Fenwick is a new youth minister in Oxford

Meagan Robinson
The Oxford Eagle

A new minister has taken the lead at Oxford-University United Methodist Church.

Brandon native Kelly Fenwick, 27, graduated from Mississippi State University with an undergraduate degree in kinesiology and a graduate degree in school counseling.

In graduate school, she became involved with a Eupora church and loved the youth ministry.

Fenwick moved to Oxford when her husband took a job at Camp Lake Stephens, a United Methodist summer camp. After searching to no avail for school counseling jobs, Associate Minister Chris McAlilly contacted Fenwick about becoming the new youth minister. She accepted the job in June.

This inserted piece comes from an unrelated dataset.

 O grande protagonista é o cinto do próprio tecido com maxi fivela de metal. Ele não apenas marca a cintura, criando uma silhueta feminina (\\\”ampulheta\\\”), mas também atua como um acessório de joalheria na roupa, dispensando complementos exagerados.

Fenwick believes there are positives and negatives that come with being a woman youth minister in a male-dominated profession, but she must be able to connect. She said many parents are glad their daughters have a woman youth minister to connect with, and that helps Fenwick stay positive.

Fenwick recently hired four interns to help with the youth group. Kennedy Shock, 19, is one. She believes having a woman minister is beneficial.

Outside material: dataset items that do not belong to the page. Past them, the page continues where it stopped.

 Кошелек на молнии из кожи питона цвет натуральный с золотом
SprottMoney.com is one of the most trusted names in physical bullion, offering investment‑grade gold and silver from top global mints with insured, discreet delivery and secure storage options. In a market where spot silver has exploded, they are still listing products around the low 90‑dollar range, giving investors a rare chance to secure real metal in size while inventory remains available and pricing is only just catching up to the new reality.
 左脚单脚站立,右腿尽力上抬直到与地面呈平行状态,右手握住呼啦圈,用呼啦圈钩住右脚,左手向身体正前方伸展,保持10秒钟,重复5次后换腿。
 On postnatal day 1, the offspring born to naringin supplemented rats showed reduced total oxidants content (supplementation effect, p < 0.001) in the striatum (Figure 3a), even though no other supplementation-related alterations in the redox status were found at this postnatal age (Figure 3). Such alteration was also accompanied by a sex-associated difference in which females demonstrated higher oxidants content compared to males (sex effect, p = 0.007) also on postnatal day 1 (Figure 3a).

Shock said Fenwick has, “written letters to individual students. She sends weekly emails to parents to remind them of upcoming events. She’s taken students to eat. She’s been to sporting events for the youth, etc.  She’s done a ton of things to reach out to our students.”

The church had student interns before Fenwick arrived, but she contacted eight other students at Ole Miss to volunteer as small group leaders on Wednesday nights.

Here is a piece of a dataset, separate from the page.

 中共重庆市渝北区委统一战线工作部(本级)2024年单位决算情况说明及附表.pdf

“Having college students who are right there in the next phase of life. . . helps me to be able to connect,” Fenwick said.

She said volunteers help with “setting an example and guiding them (the youth).” Their “main goal while they are here is to seek out kids who look uncomfortable, reach out to them and make them feel welcome.”

Thomas Toole, 22, is an intern who believes Fenwick’s passion and commitment to youth is important to the success of the church.

“She has pulled in strong leaders to help pull in other students,” he said. “She has given the youth group a sense of ownership, and she has stabilized the program.”


Fenwick in front of the youth group on Wednesday night with college intern Thomas Toole.

The reaction Fenwick has had from the church staff, parents, college volunteers and youth have made her feel blessed that so many people want to be part of expanding the youth program.

She said one of the most important things this age group needs is “community and relationship building.”

On Tuesday and Thursday mornings, youth have “prayer breakfasts” as a way for church youth to come together and get to know one another before school.


Fenwick with a group of youth girls at Bottletree Bakery on the Square for Thursday morning breakfast.

On Wednesday nights, the eight college volunteers lead small youth groups. Fenwick wants the youth to connect with college-age students, so she often plans outings on the Square.